Ukraine took a significant diplomatic step by informing the International Maritime Organization that Russia's shadow fleet vessels — tankers operating without proper insurance and registration to move Russian crude outside the Western oil price cap — should be considered military targets. The designation attempts to reframe the legal status of those ships from commercial vessels to legitimate objects of attack. Separately, Kazakhstan agreed to ship gasoline to Russia as domestic fuel shortages deepened inside Russian territory, a consequence of Ukrainian drone strikes on refinery capacity and export-driven product diversion — an example of sanctions-adjacent support quietly sustaining Russia's war economy.

Iran's position added a volatile dimension to the geopolitical picture. Indirect U.S.-Iran talks in Doha ended without a breakthrough, and Iran's military followed with explicit threats regarding the Strait of Hormuz — a waterway through which roughly 20% of the world's traded oil passes. Vice President Vance claimed U.S. strikes had set back Iran's nuclear program 'by decades,' a formulation that appears to significantly exceed earlier intelligence community assessments suggesting Iran would need approximately one year to build a nuclear weapon if it chose to weaponize.
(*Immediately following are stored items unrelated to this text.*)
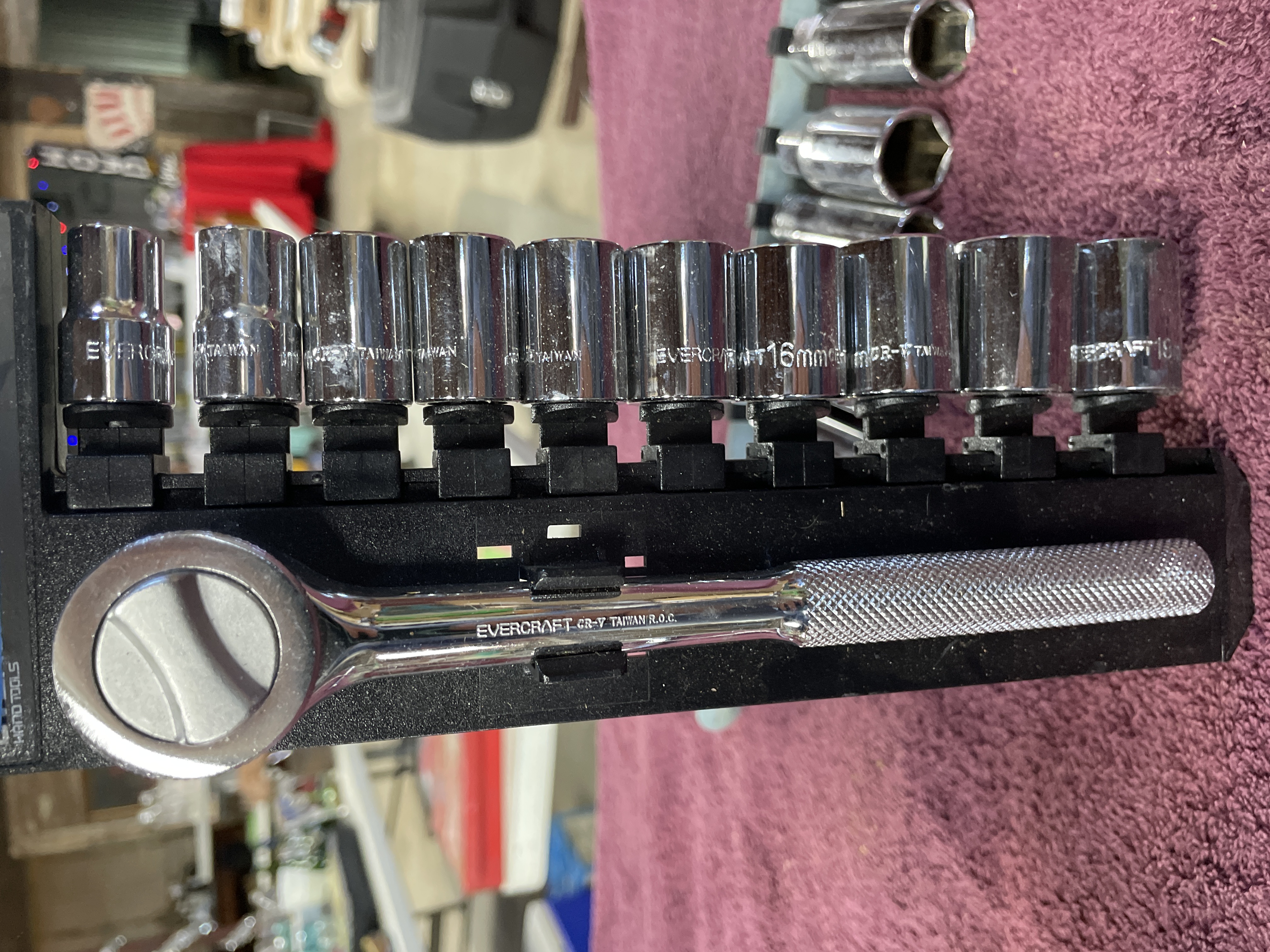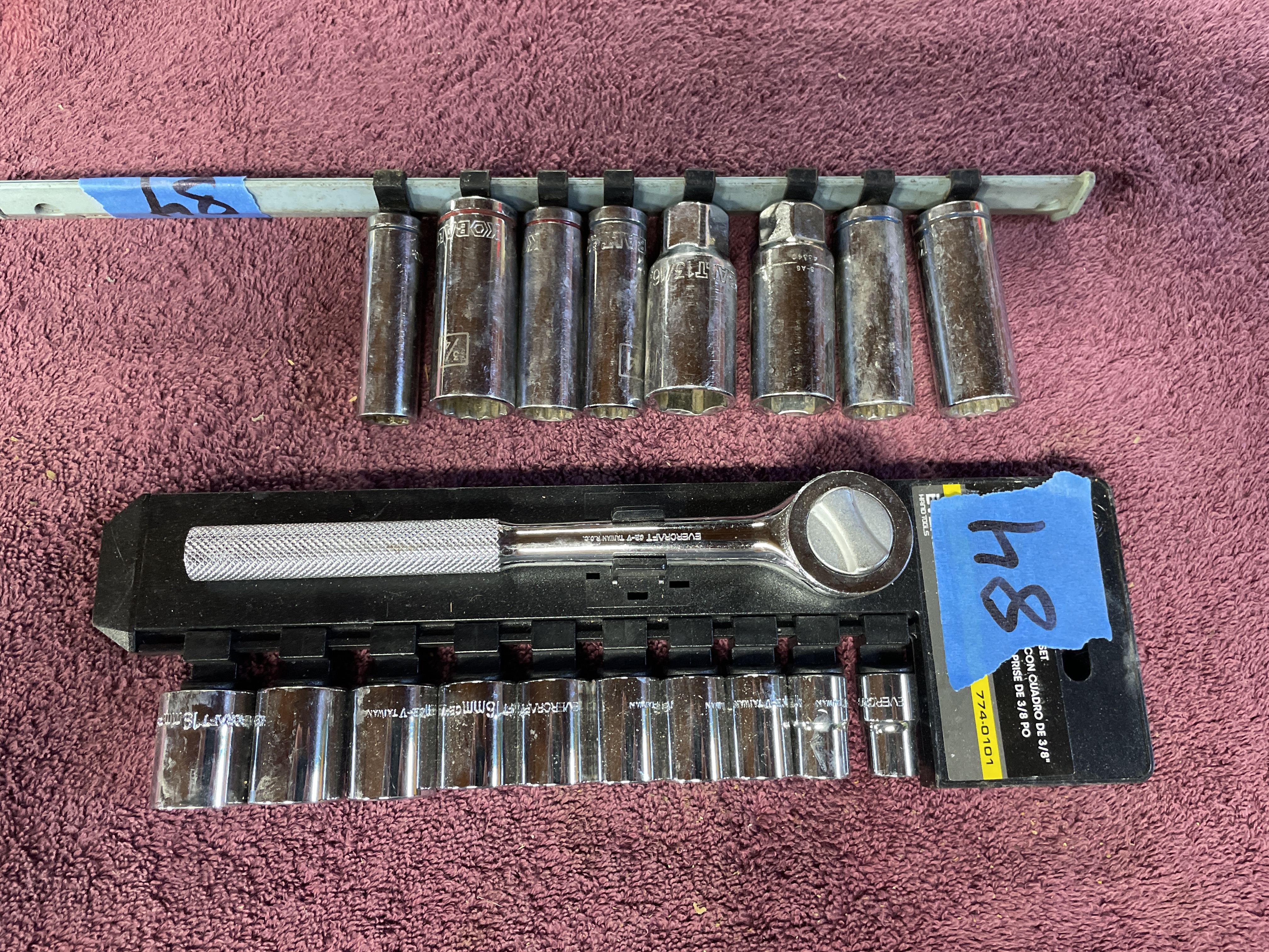 The collection consists of 17 individual mechanical hand tools, primarily 3/8-inch drive components. The lot includes one ratchet wrench and 16 deep wall sockets, organized across two separate carriers. The tools are constructed of polished chrome-plated steel. The ratchet features a knurled handle and is marked EVERCRAFT 7/8 TAIWAN 3/8. Eight sockets are mounted on a black plastic Evercraft carrier, featuring metric sizes and marked EVERCRAFT. The black plastic carrier retains a partial label indicating HAND TOOLS, item number 774-0101, and includes Spanish context text: CON CUADRO DE 3/8 (with 3/8 square drive). A handwritten blue label marked 84 is affixed to this carrier. The remaining eight sockets are mounted on a separate blue/grey metal rail. These sockets are of mixed manufacture, including tools marked KOBALT and 19MM.
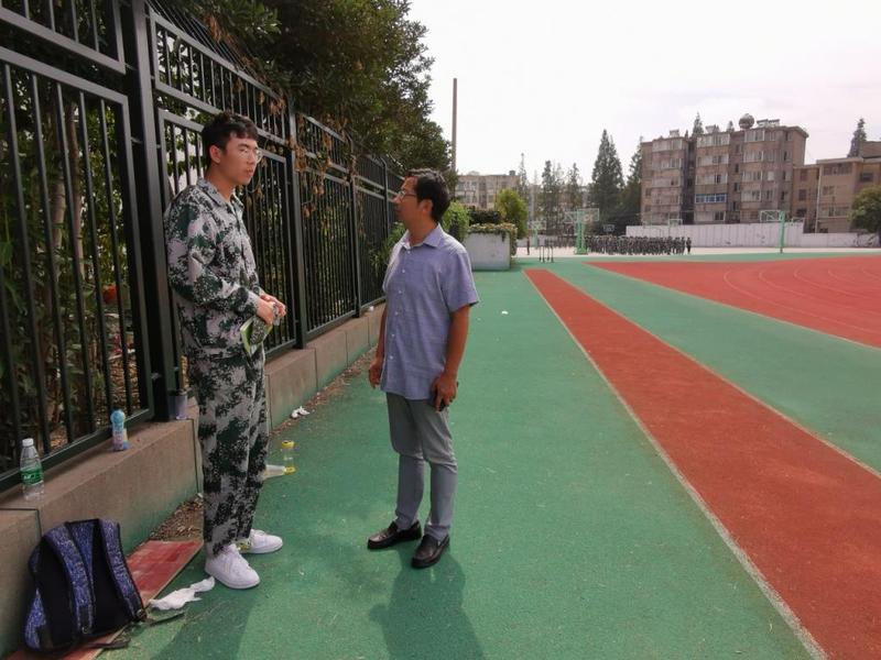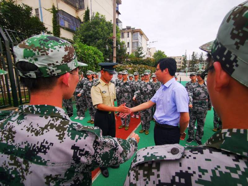 殷凤春与教官一一握手问候,与同学们亲切交流。他详细了解了军训的整体情况,询问军训期间是否遇到困难。他结合自身军训经历,鼓励同学们不畏艰难,严于律己,打造坚强体魄,锤炼坚强品格,以一名军人的标准严格要求自己,为庆祝新中国成立70周年献礼,圆满完成军训任务。
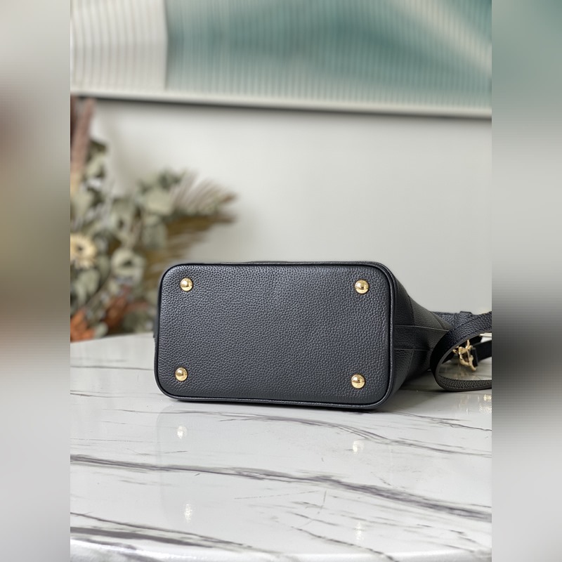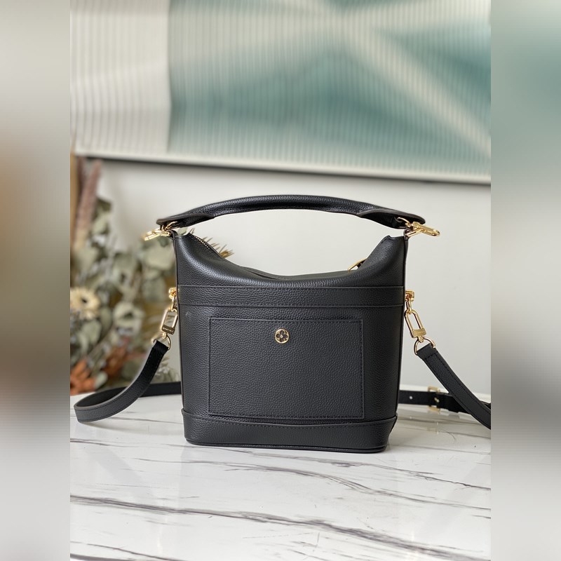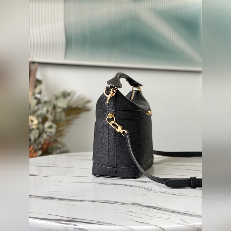 LV 아이템 번호: M57934 크루저 소형 가방 소프트 더플백의 기능적 세부 사항을 계승한 이 가방은 이중 지퍼 잠금장치를 통해 컴팩트한 크기를 버킷백의 넉넉한 용량으로 바꿀 수 있습니다. 부드러운 그레인 송아지 가죽은 상징적인 사각형 모양을 구현합니다. 크기: 25 x 22.5 x 13cm 품번: SG96181480
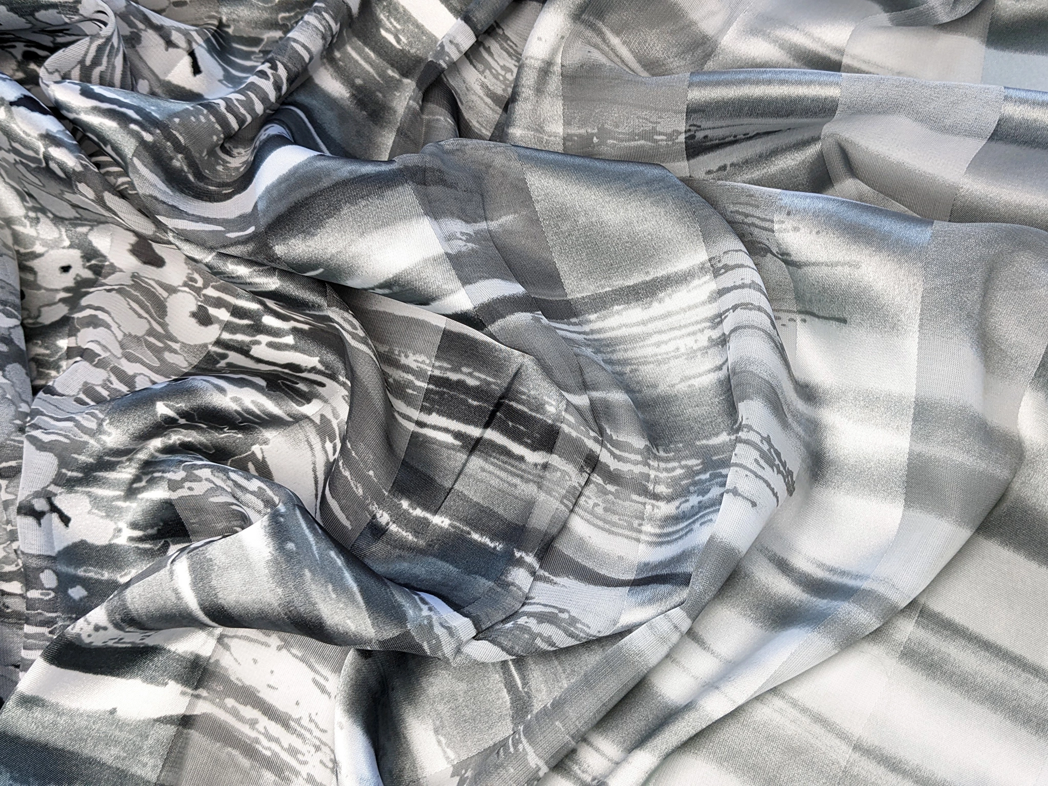 Атлас-шифон ідеально підходить для пошиття суконь, блуз, легких накидок та хусток.

Whether Vance's framing reflects updated intelligence analysis or pre-holiday political messaging is a distinction with substantial consequences for understanding American strategic posture toward Tehran.

Poland warned that a diplomatic rift between Russia and Ukraine — including tensions between Kyiv's government and some Western partners over negotiating conditions — could be exploited by Moscow to fracture the coalition sustaining Ukrainian resistance. Warsaw, one of the most hawkish supporters of Ukraine in Europe, described the risk in terms that carried particular weight given the country's geographic and historical exposure to Russian pressure.